JAKARTA, KOMPAS — Masyarakat sipil dan penyelenggara pemilu berkukuh tetap mempertahankan pemilihan kepala daerah langsung karena terbukti memberi dampak positif bagi kemajuan demokrasi di Indonesia. Wacana pemilihan kepala daerah kembali lewat Dewan Perwakilan Rakyat Daerah seperti yang dilontarkan Ketua Dewan Perwakilan Rakyat Bambang Soesatyo dinilai tidak lagi relevan.
Bayu Dwi Anggono, Direktur Pusat Kajian Pancasila Universitas Negeri Jember, Jawa Timur, menyatakan, siapa pun yang mengusulkan dan mendukung kembali pilkada dilakukan oleh DPRD harus membuka risalah persidangan amendemen Undang-Undang Dasar 1945. Dia mengatakan, pemilihan tidak langsung hanya berlaku untuk daerah berstatus istimewa, dalam hal ini DI Yogyakarta. Sementara untuk daerah otonom lainnya, pemilihan kepala daerah tetap digelar secara langsung.
Bayu mengatakan, pemilihan kepala daerah (pilkada) tidak langsung justru mempermudah melanggengkan politik dinasti dan menihilkan kemungkinan munculnya calon-calon kepala daerah yang berkualitas, baik secara pribadi maupun program kerjanya.
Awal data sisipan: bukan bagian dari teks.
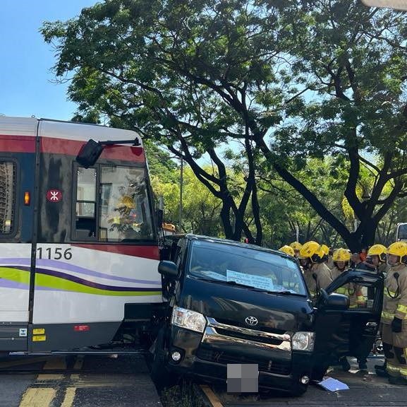 香港新聞網7月27日電 今早(27日)近9時,天水圍天瑞路天瑞站有輕鐵撞客貨車。現場消息稱,客貨車上有3人受傷,而輕鐵上則有1人受傷,幸全部輕傷。大批消防員在場協助,傷者由救護車送院治理。受事故影響,輕鐵服務受阻。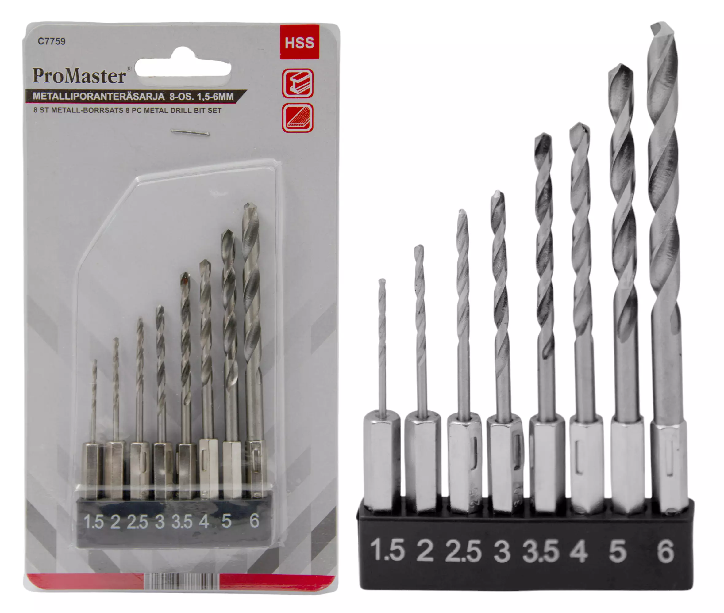 METALLIPORANTERÄSARJA 8-OS. 1,5-6MM HSS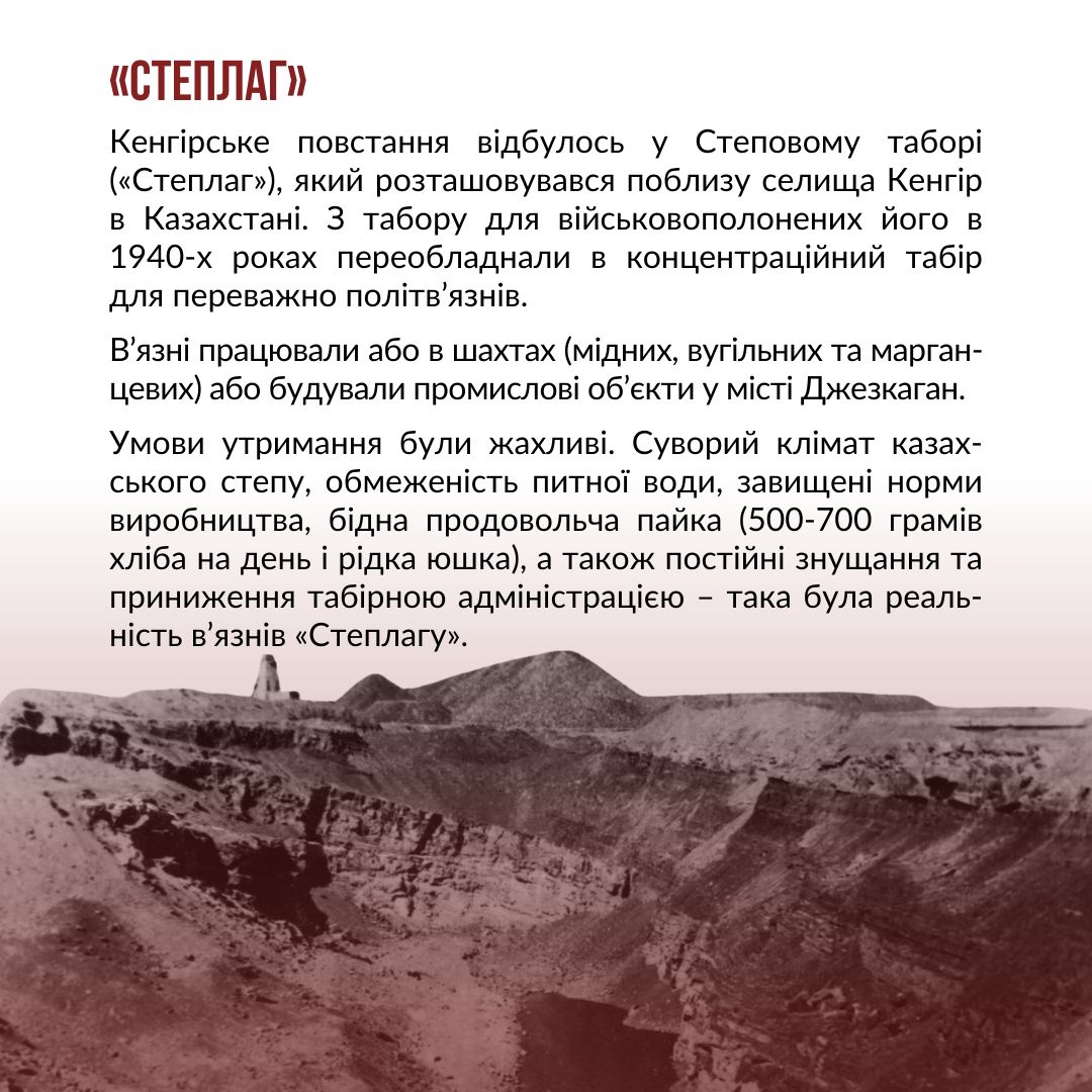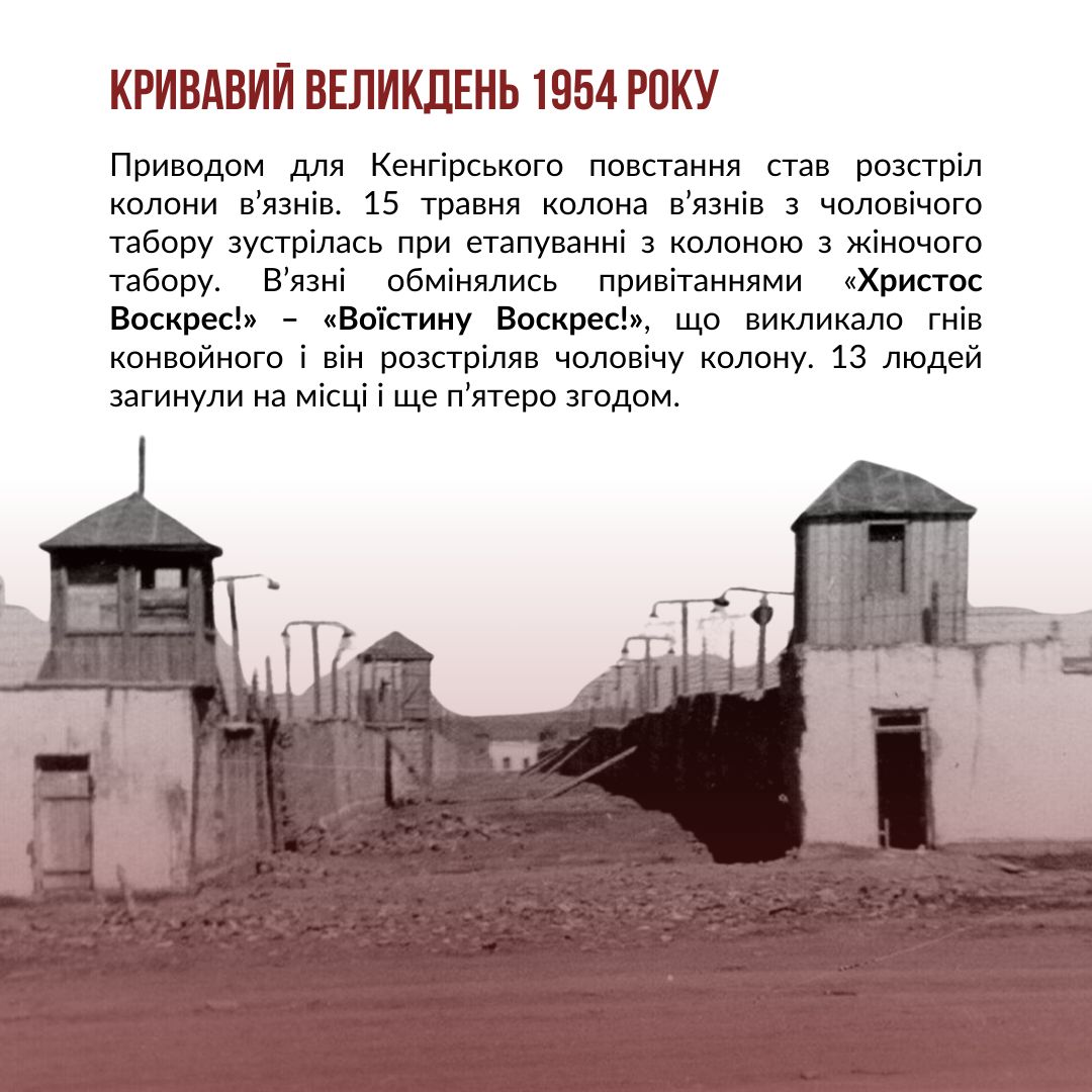 16 травня відзначається 71-ша річниця Кенгірського повстання – масштабного виступу політичних в’язнів у Степному таборі ГУЛАГ, що знаходився в Казахстані. Радянська влада не могла придушити цей бунт, поки не застосувала армію та танки. Одним із найважливіших наслідків Кенгірського повстання став демонтаж системи ГУЛАГ.
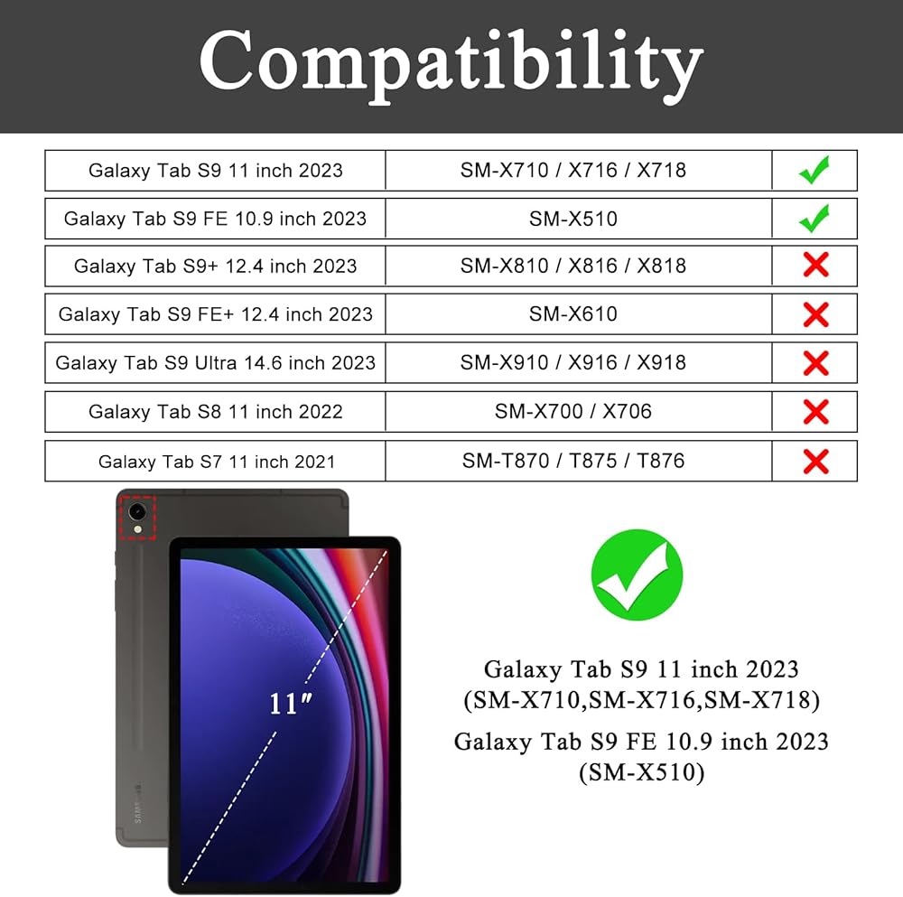 • مصمم لجهاز Galaxy Tab S9 11" وS9 FE 10.9" - مصمم حصريًا لجهاز Samsung Galaxy Tab S9 11" الجديد (SM-X710/X716B/X718U، إصدار 2023) وTab S9 FE 10.9" (SM-X510/X516,2023) مطلق سراحه).

Hal demikian akan mengurangi peluang rakyat memperoleh kepala daerah berkualitas dan menikmati pembangunan yang sesuai harapan rakyat.
Ketua Komisi Pemilihan Umum Arief Budiman mengatakan, alasan banyak pihak yang menyatakan bahwa pilkada langsung menghabiskan biaya tinggi adalah tidak tepat. Menurut dia, sudah banyak komponen dalam tahapan pilkada yang pembiayaannya ditanggung oleh negara, seperti alat peraga kampanye.
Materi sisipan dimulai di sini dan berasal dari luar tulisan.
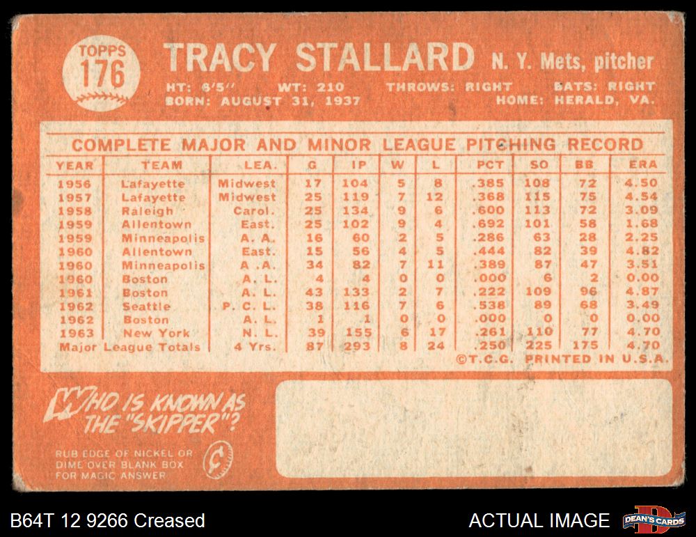1964 Topps #176 Tracy Stallard Front Thumbnail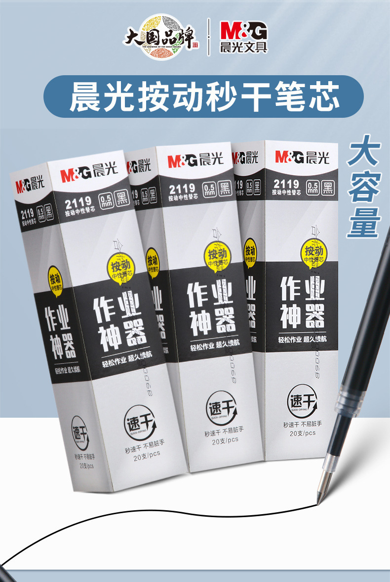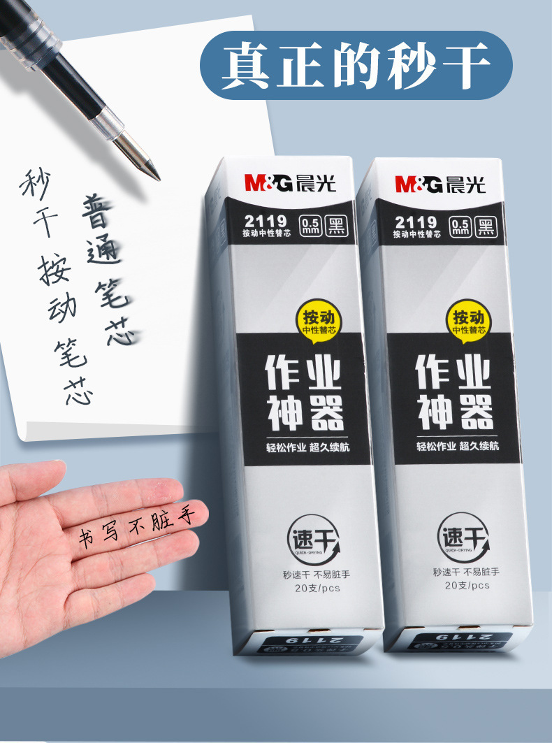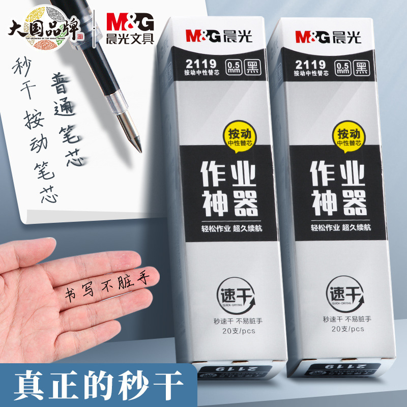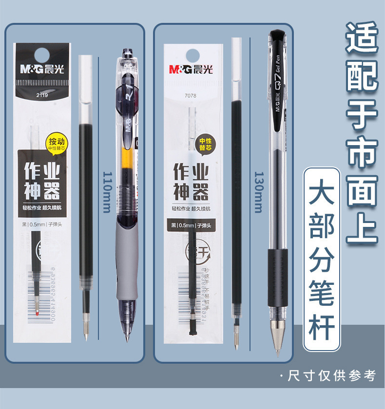 作业神器速干通用替芯黑色子弹头按动笔芯2119拨盖替换芯7078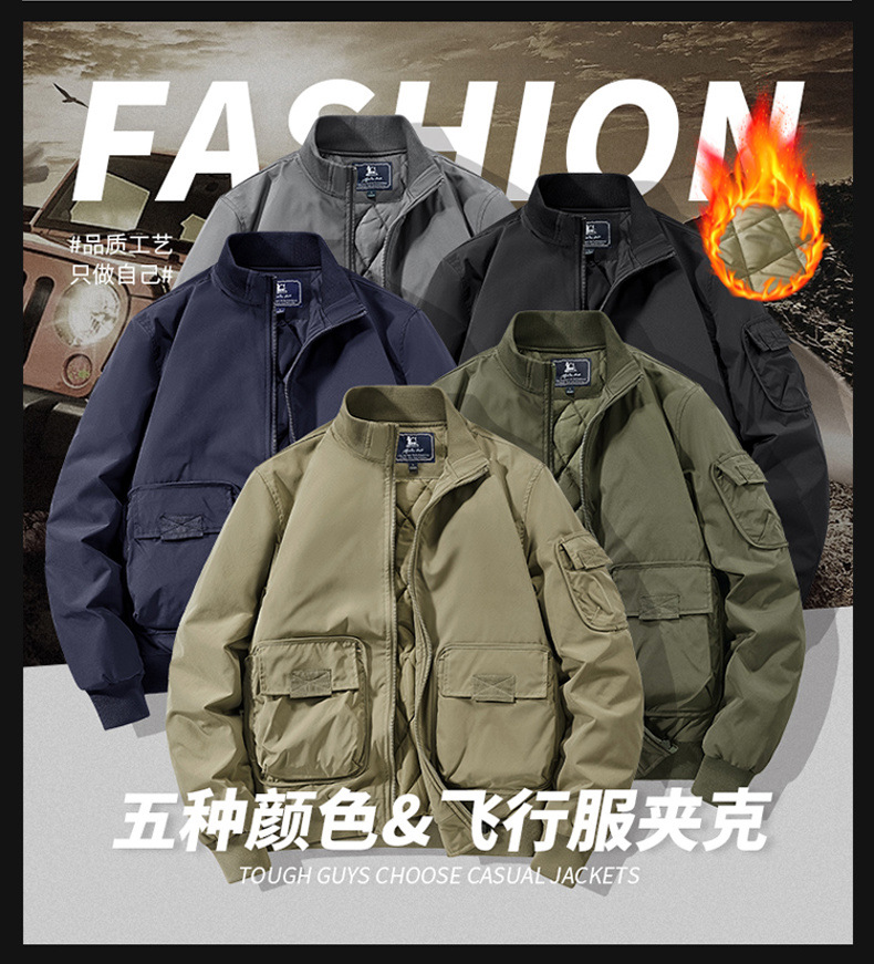 국경 간 특별 새 가을과 겨울 남자 툴링 두꺼운 멀티 포켓 폭격기 재킷 올 매치 레트로 아메리칸 야구

Makin membaiknya tingkat kesadaran pemilih untuk memilih calon-calon yang berkualitas dari segi program juga dinilai Arief membuktikan bahwa penyelenggaraan pilkada langsung cukup mampu menekan politik uang. Meski tidak hilang 100 persen, kata Arief, pilkada langsung membuat calon kepala daerah ragu menggunakan politik uang untuk meraup suara pemilih.
Jalan pintas
Direktur Eksekutif Pusat Studi Konstitusi (Pusako) Universitas Andalas, Padang, Feri Amsari mengatakan, kekhawatiran partai politik terhadap pilkada langsung adalah karena partai politik tidak memiliki kader yang populer.
Partai politik yang tidak memiliki kader yang populer di kalangan masyarakat akan kesulitan untuk berkontestasi dalam pilkada langsung. Hal ini mendorong partai politik melontarkan wacana pilkada melalui DPRD sebagai jalan pintas untuk berkuasa.